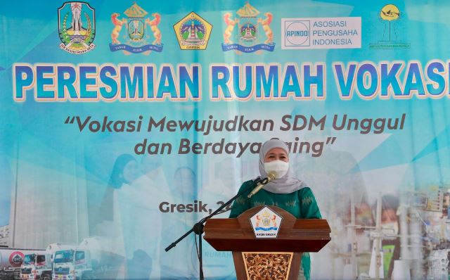 Hal tersebut dikemukakan Khofifah saat meresmikan Rumah Vokasi di Kabupaten Gresik, Jumat (24/6). Rumah Vokasi tersebut berdiri atas inisiasi Kadin Jatim dalam upaya penyediaan pendidikan dan pelatihan vokasi bagi pelajar SMK Jatim.
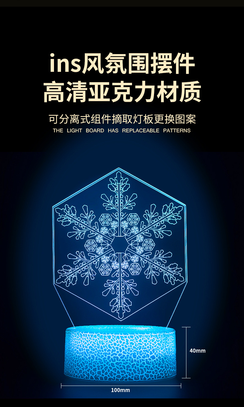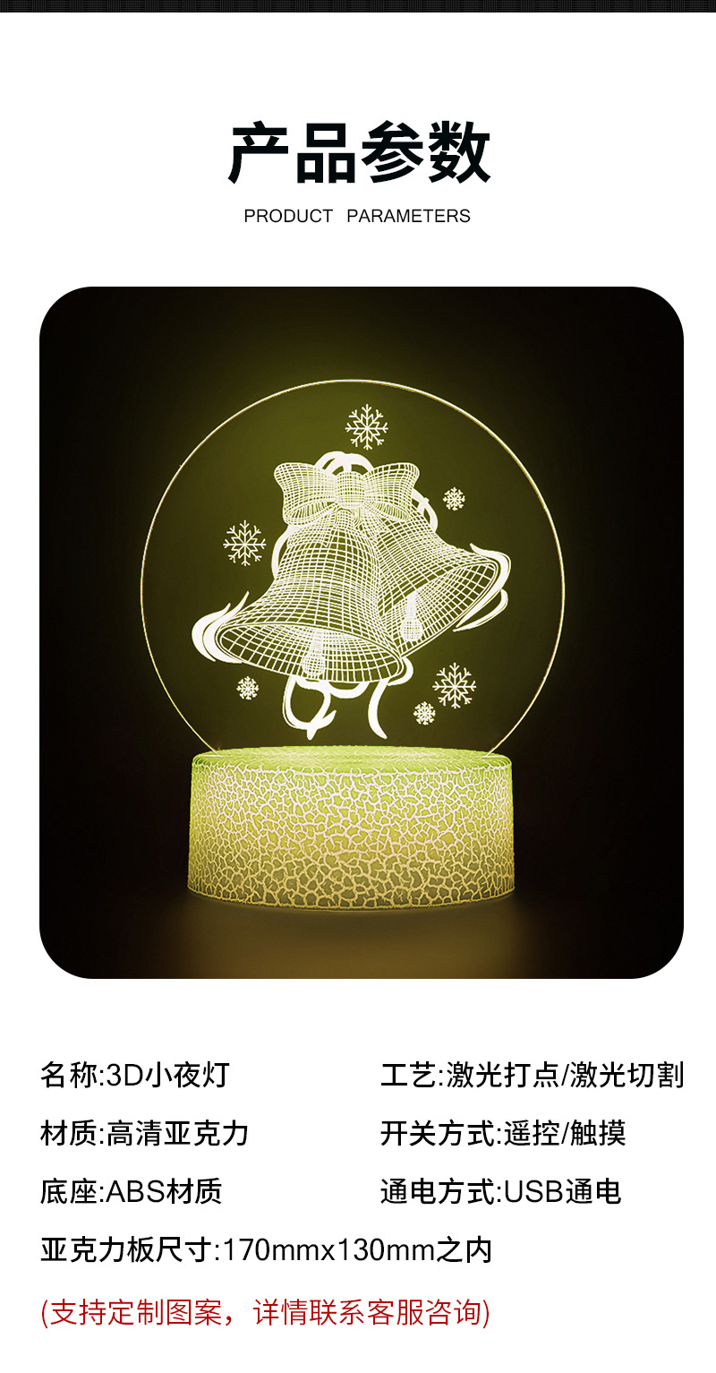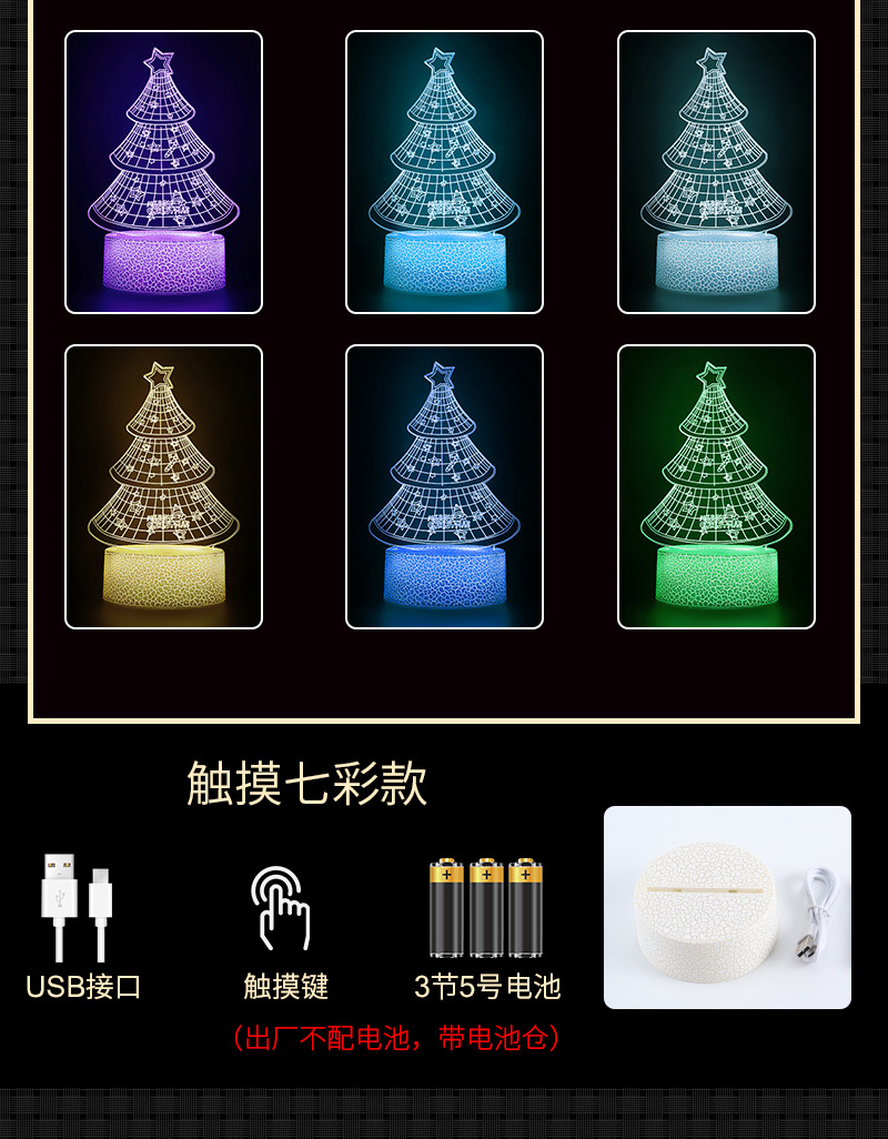 국경 창조적 인 크리스마스 선물 그물 빨간색 다채로운 원격 제어 터치 3d 아크릴 야간 조명 어린이 침실 장식품
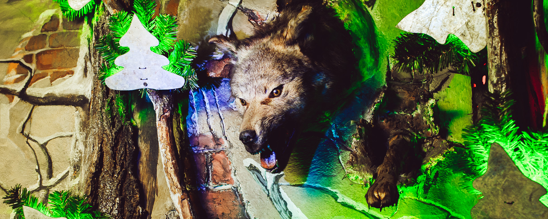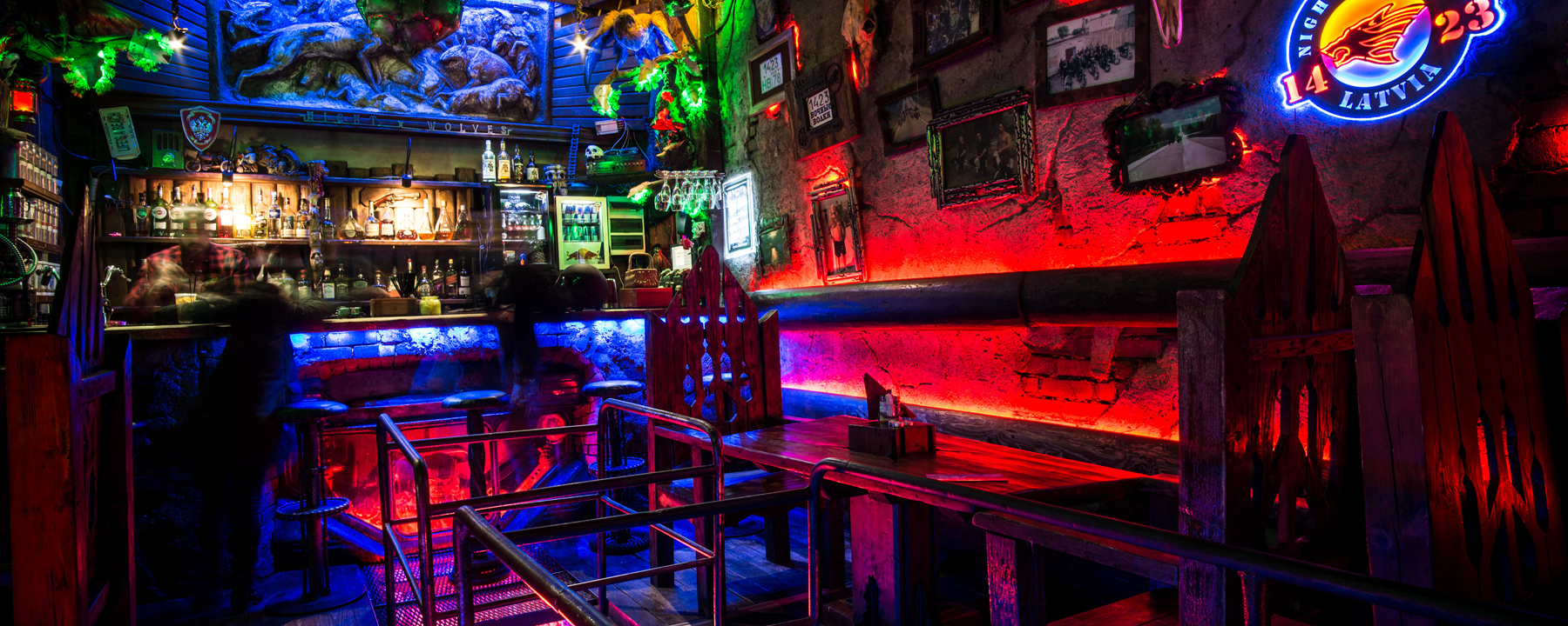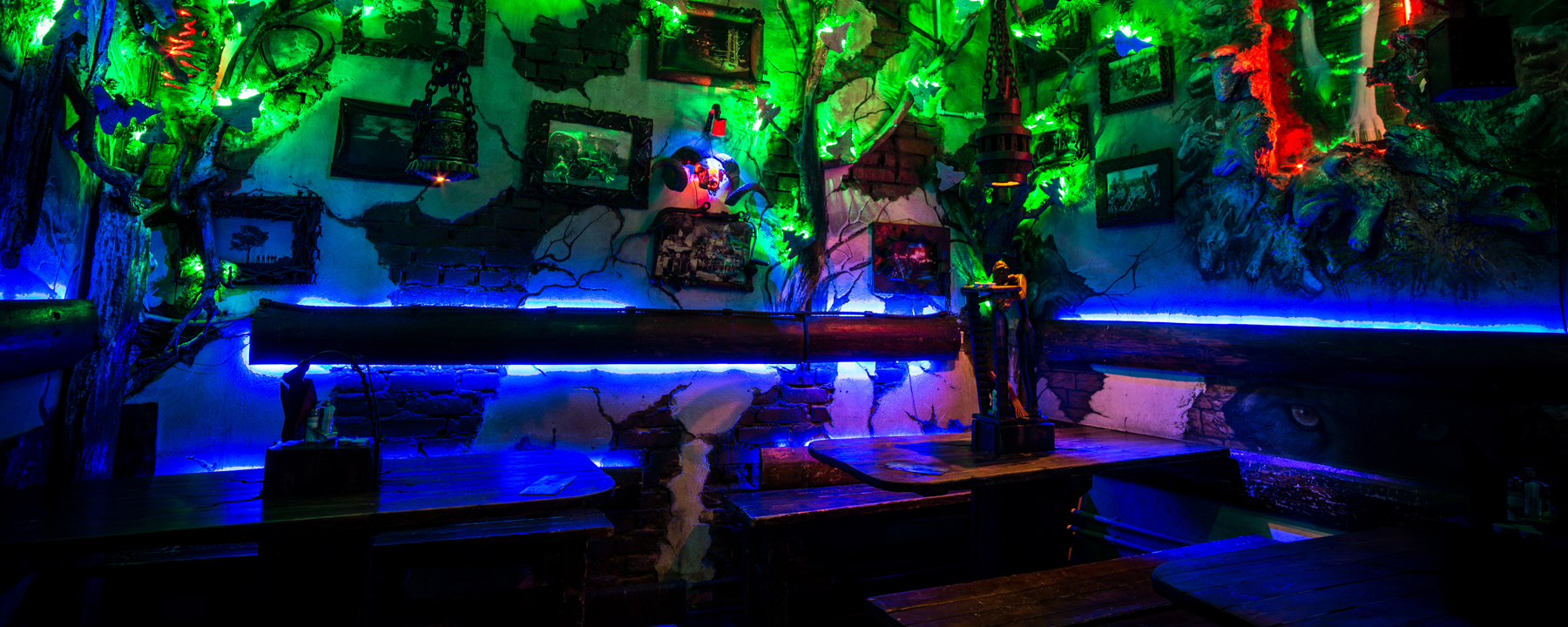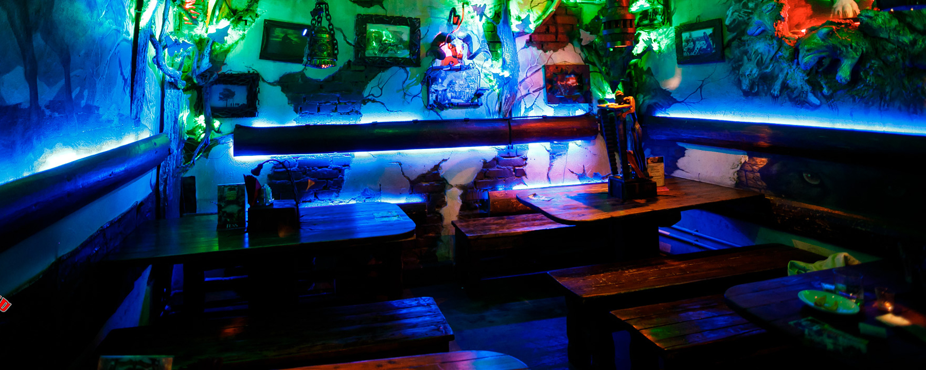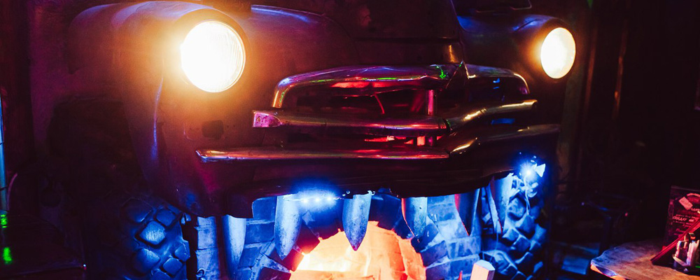 Деревянная массивная мебель с отделкой из шкур диких животных, брутальные кованые элементы декора, граффити. Замысловатые причудливые формы, барные стулья, сделанные из мотоциклетных седел, горящие свечи, огромные газовые фонари, неизменные интерьерные элементы из авто и мотозапчастей - создают неординарную, почти сказочную и, вместе с тем, очень уютную обстановку.

*Task directions*: The answer should match the material exactly, with every picture removed.

*Task output*:
 Hal tersebut dikemukakan Khofifah saat meresmikan Rumah Vokasi di Kabupaten Gresik, Jumat (24/6). Rumah Vokasi tersebut berdiri atas inisiasi Kadin Jatim dalam upaya penyediaan pendidikan dan pelatihan vokasi bagi pelajar SMK Jatim.
 국경 창조적 인 크리스마스 선물 그물 빨간색 다채로운 원격 제어 터치 3d 아크릴 야간 조명 어린이 침실 장식품
 Деревянная массивная мебель с отделкой из шкур диких животных, брутальные кованые элементы декора, граффити. Замысловатые причудливые формы, барные стулья, сделанные из мотоциклетных седел, горящие свечи, огромные газовые фонари, неизменные интерьерные элементы из авто и мотозапчастей - создают неординарную, почти сказочную и, вместе с тем, очень уютную обстановку.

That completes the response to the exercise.